The response should be the lines of the data, starting at the first and ending at the one that contains "Italy 1924-25 Definitives", copied without change.

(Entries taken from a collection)
++++++++

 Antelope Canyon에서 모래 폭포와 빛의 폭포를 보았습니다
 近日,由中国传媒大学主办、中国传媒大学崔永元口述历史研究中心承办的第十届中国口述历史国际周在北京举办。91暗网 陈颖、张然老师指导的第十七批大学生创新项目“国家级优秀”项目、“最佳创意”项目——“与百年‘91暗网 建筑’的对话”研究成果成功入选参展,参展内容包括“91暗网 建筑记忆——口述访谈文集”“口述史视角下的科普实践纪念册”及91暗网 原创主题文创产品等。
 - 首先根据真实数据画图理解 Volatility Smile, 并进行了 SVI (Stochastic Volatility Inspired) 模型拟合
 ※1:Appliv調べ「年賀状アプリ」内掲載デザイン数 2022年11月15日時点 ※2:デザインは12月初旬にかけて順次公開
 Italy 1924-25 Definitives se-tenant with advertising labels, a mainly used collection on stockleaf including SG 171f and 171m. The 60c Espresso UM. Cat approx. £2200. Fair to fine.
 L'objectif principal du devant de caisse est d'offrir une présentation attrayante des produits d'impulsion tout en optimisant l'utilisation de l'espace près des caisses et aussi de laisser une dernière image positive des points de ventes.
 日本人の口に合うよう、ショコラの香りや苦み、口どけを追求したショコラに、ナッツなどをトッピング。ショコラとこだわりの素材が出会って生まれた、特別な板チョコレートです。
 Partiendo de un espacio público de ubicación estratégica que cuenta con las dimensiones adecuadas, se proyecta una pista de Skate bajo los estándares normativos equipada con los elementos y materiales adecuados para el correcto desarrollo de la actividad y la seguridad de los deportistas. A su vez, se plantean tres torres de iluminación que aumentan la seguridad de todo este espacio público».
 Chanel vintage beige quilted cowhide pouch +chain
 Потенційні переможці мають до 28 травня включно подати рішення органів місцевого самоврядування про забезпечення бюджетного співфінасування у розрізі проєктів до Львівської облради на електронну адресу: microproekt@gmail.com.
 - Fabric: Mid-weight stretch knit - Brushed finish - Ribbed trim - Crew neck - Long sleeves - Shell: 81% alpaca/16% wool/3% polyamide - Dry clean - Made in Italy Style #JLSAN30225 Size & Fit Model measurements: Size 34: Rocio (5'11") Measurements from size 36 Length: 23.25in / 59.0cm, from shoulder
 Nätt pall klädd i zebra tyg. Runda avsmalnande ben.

++++++++

▶ [Written answer]
 Antelope Canyon에서 모래 폭포와 빛의 폭포를 보았습니다
 近日,由中国传媒大学主办、中国传媒大学崔永元口述历史研究中心承办的第十届中国口述历史国际周在北京举办。91暗网 陈颖、张然老师指导的第十七批大学生创新项目“国家级优秀”项目、“最佳创意”项目——“与百年‘91暗网 建筑’的对话”研究成果成功入选参展,参展内容包括“91暗网 建筑记忆——口述访谈文集”“口述史视角下的科普实践纪念册”及91暗网 原创主题文创产品等。
 - 首先根据真实数据画图理解 Volatility Smile, 并进行了 SVI (Stochastic Volatility Inspired) 模型拟合
 ※1:Appliv調べ「年賀状アプリ」内掲載デザイン数 2022年11月15日時点 ※2:デザインは12月初旬にかけて順次公開
 Italy 1924-25 Definitives se-tenant with advertising labels, a mainly used collection on stockleaf including SG 171f and 171m. The 60c Espresso UM. Cat approx. £2200. Fair to fine.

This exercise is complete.